I grew up in Solihull in the English Midland county of Warwickshire. The town’s motto is ‘Urbs in Rure’ – translated from the Latin it means ‘city in country’. It was a prescient choice of slogan in the 1930s.

A century ago, less than five per cent of the world’s population lived in cities. Today, more than half the world’s population is moving from the country to live in urban areas. In the last 20 years, the urban population of the developing world has grown by an average of three million people per week. By 2050 it will have reached 70 per cent, representing 6.4 billion people.

Most of the growth will be taking place in the developing world and it’s estimated that Asia will host 63 per cent of the global urban population, or 3.3 billion people, by 2050. The world as a whole is experiencing a massive population boom and wholesale migration from country to town. And those twin trends are presenting vast logistical challenges in terms of housing, food, power and water.

One of the areas where that impact will be felt earliest is the Middle East. It is right in the middle of one of the biggest demographic shifts the world has ever seen. According to UN projections, the population of the Middle East and North Africa (MENA) will reach 430 million in six years, of which 280 million people are expected to live in cities. That’s a 65 per cent increase in the urban population.

But although urbanisation is intrinsically neither a good nor a bad process, its success will depend on how it’s managed. Urbanisation poses challenges for employment, infrastructure, transport, affordable housing, food supplies, rubbish collection and education. However, with the notable exception of water, it is normally cheaper per capita to provide such services in cities than in rural areas.

What is also certain is that, as more people move to cities and more human activity is concentrated into them, we can be sure that the most important global challenges that we face in this century will play out in urban environments. And that will mean huge challenges for the planners, the politicians and, of course, the new populations.

Cities have to evolve to meet these challenges. They don’t have a choice. They are already home to the vast majority of the world’s economic growth, innovation and social transformation, and they must continue to develop if they are to withstand relentless population growth. But as the urban population increases year-on-year, new challenges will undoubtedly arise – not least in building sustainable living conditions that do not harm the environment.

The changes will warrant more complex city management requiring evermore intelligent technology and more distinct leadership to meet the changing challenges. These improved connections enable us to develop smarter solutions to meet future challenges. As cities increasingly specialise to gain comparative advantage, a wide variety of clever solutions are emerging. Many think tanks are exploring the most ingenious solutions to enable sustainable urban development, with a particular focus on networks, connections and sustainability.
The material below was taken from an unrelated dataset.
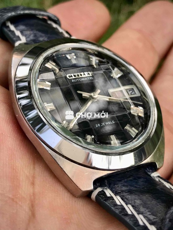 (Giá 2tr3 Ck bao ship) Đồng hồ Citizen Seven Star Automatic 26 jewels 1970s Size 38mm, máy cơ Citizen hãng chạy cực chuẩn. Cọc số vát kim cương cực đẹp, kim có Luminar. Núm CTZ zin. Mặt xanh Dark Blue kết hợp bộ dây da đà điểu xanh đậm, rất hợp anh em mạng Thuỷ. Độ nét cao, gần như mới. Ko có gì để chê.

The United Kingdom and Brazil recently signed a bilateral agreement. It was nothing out of the ordinary in these days of globalisation. The difference was, this agreement was not between countries. It was signed between the United Kingdom and São Paulo – a city state.

With the strengthening of local power, the world’s major cities, states and provinces have adopted international policies previously reserved for national governments and mustered resources to ensure the protection of their interests abroad. Baden-Württemberg, California, Guangdong, Texas and São Paulo have more economic ammunition than the vast majority of countries on the planet. California has the ninth-largest economy in the world, ahead of India and Russia; São Paulo ranks 19th, ahead of every country in South America except Brazil itself. Cities are the centres of our modern society and they are getting more complex and demanding every day.

So who are the people that are leading this profound demographic revolution? They are the new world economic power brokers – city mayors. There are an estimated million mayors leading global change and at the same time having to deal with the consequences of the way we live and the decisions we take. They are shaping people’s lives and the ecological, cultural and social landscapes of their countries. They are the new global elite whose choices matter everyday. Leaders who work, face to face, with the people they serve. Leaders who, everyday, have to invent local solutions for global problems. One of those coming up with solutions is the mayor of Bangui in the Central African Republic. Catherine Samba-Pamza took over as interim President of the war-torn country. She called on the international community to save the former French colony from further violence.

And it’s likely she will be listened to and allowed to govern, because as a former mayor she showed she could govern without discrimination. She is leading a city, not a clan or sect or a faith, and is applying those city leadership skills to a country.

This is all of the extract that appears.